Adopting a streamlined method of doing this can help quicken the process. This also helps sales teams perform better as they know what strategies to use to identify a qualified lead and remove those that are not yet at that stage.

Follow up

To boost the performance of your marketing pipeline, always remember to follow up with promising leads. Even when a prospect is ready and willing to purchase, the sheer number of options at their disposal may make it difficult for them to choose your offer. Reminding them of the benefits of using your solutions can serve as a positive reinforcement that may persuade them to choose your products or services.

Related: What Is Lead Follow Up? How To Follow up on a Lead

Be flexible

Buying behavior can change based on the needs and preferences of buyers. Thus, an effective marketing pipeline is flexible to adapt to changing customer needs.
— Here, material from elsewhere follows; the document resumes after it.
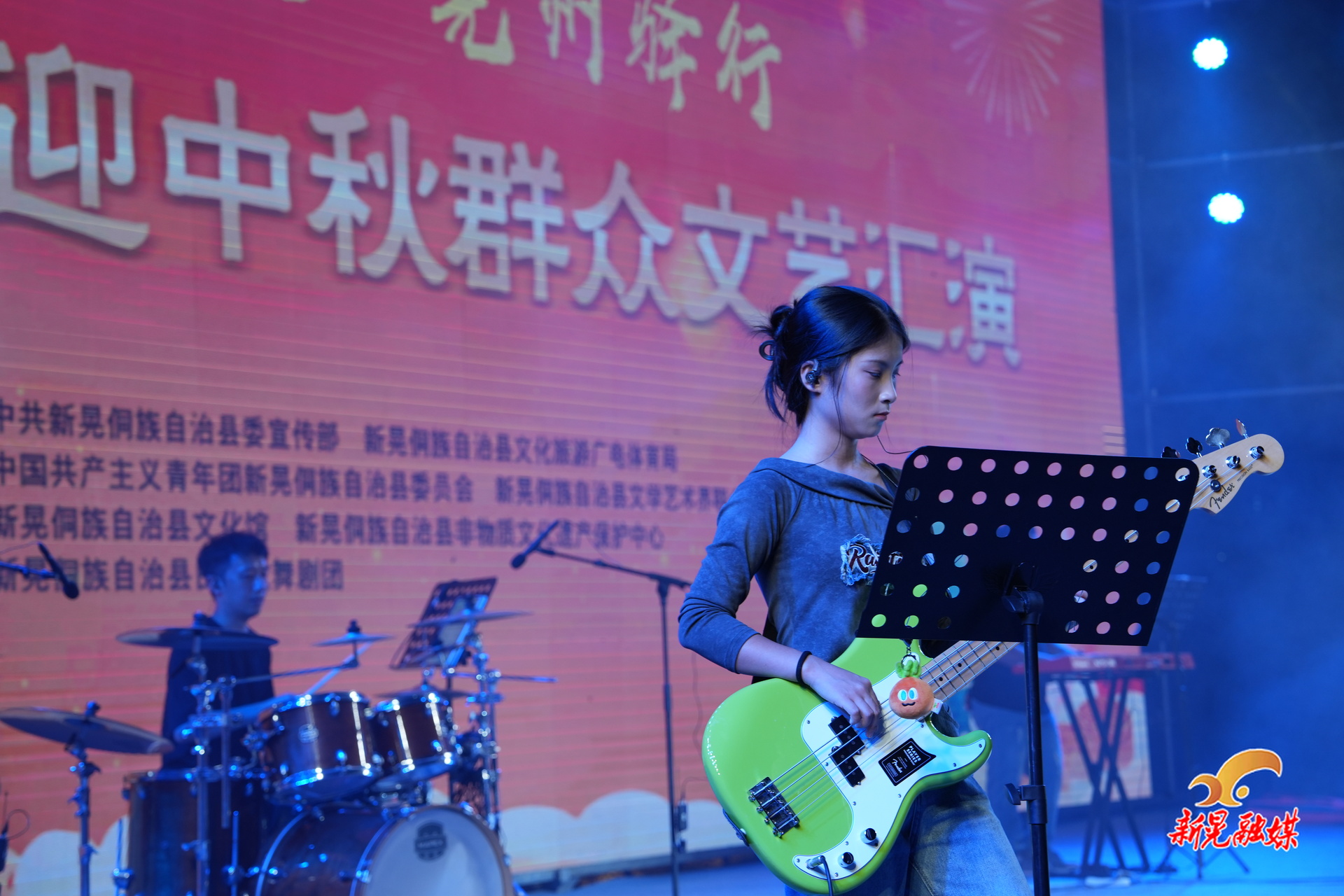 新晃融媒10月5日讯(记者:熊玉萍)10月4日,龙溪古镇龙溪口码头热闹非凡,一场以“古镇‘邂逅’电音”为主题的演出在此精彩上演。本土夜郎乐队携多首经典曲目嗨翻现场,用动感旋律与古镇风情碰撞出独特火花,为市民与游客的国庆假期增添了别样活力。

Always review the steps in your pipeline to determine what's working and what processes or aspects you can change. It can be identifying ways to increase engagement, trying new sales tactics or removing old ones or adding stages in the pipeline.

Having a flexible pipeline allows your team to be more agile and able to respond quickly to changes in leads and customers' behavior to optimize sales and revenue generation. Flexibility also helps to adapt the pipeline to suit early results based on analysis. Analyzing early performance is the key to understanding how the pipeline is performing and what needs to change in the early stages to ensure success.